Other proposals approved by the government include mandating payments beyond a prescribed threshold only in cashless mode, introduction of formulae linked acceptance infrastructure by the stakeholders of certain card products, rationalisation of telecom service charges for digital financial transactions, promotion of mobile banking and creation of necessary assurance mechanisms for quick resolution of fraudulent transactions and review of the payments ecosystem in the country.
While the move is expected to benefit the payment services space, there are initial indications that it could have some repercussions on the mobile wallet space as it could result in increased usage of bank accounts and debit/credit cards.
“At the moment wallets absorb the transaction fees and mobile wallet firms were using this to increase their penetration. But since there won’t be any transacting fee on debit cards, a consumer will start making more debit card payments online,” Nitin Gupta, founder and CEO of PayU, an online payments solutions company.
Gupta, however, said PayU would not be affected since it operates in the digital payments space as well as in the mobile wallet space.
“Since the cost of transaction using a debit card will reduce, we will see more users paying for bills online.
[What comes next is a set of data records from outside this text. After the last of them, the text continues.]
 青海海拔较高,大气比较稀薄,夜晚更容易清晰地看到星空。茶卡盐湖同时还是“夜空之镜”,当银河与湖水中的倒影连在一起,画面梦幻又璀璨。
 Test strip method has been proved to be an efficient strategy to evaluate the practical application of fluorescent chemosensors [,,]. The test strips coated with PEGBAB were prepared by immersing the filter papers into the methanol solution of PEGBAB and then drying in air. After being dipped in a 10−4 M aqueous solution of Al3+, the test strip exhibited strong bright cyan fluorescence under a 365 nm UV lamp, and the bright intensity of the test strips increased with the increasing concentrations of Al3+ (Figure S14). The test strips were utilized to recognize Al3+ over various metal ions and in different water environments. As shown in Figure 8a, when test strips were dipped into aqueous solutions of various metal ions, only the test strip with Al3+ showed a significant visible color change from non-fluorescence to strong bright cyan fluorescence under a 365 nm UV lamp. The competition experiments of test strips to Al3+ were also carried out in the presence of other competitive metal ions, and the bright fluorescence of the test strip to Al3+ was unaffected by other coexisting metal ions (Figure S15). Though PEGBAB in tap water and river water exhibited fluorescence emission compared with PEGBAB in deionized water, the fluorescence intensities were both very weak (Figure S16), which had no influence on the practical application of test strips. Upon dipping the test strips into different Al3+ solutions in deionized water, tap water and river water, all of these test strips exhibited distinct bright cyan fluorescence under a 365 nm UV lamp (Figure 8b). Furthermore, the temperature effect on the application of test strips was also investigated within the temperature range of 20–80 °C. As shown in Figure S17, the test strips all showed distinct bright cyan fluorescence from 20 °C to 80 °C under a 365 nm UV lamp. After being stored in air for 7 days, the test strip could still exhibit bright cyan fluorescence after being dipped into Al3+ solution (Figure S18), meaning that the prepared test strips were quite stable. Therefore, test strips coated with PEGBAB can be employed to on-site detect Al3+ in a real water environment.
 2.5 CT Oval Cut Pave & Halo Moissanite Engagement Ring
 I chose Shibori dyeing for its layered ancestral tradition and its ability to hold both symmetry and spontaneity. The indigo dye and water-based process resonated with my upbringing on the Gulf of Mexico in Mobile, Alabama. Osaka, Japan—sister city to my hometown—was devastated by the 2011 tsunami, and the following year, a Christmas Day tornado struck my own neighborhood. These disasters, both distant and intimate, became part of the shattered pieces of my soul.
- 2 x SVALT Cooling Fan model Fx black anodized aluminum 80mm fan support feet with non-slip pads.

On the other hand we are a processing company and are paid either way, earlier the user was paying us and now the biller (bill raising party) will pay,” Gupta added.
Govind Rajan said that India is among the most cash-intensive cash economies in the world.
“India’s cash to GDP ratio is 12 per cent, which is 3-4 times that of comparable economies such as Brazil and South Africa. The cost of managing this high cash dependence is over Rs 20,000 crore in the formal banking system and much more in the entire economy,” he added.
According to an official statement, the move is aimed at reducing tax avoidance, migration of government payments and collections to cashless mode, discouraging transactions in cash by providing access to financial payment services to the citizens to conduct transactions through cashless modes and to shift the payment ecosystem from the current cash intensive economy.
While the payment system initiatives including Electronic Clearing Service Scheme, NEFT (national electronic funds transfer), RTGS (real time gross settlement ) are already in place, the benefits of modern digital payment systems is concentrated in tier 1 and 2 locations and mostly to those who have access to the formal banking channels, the PIB release said.
The Reserve Bank of India has also recently approved licences for setting up of payments banks with the objective of greater financial inclusion.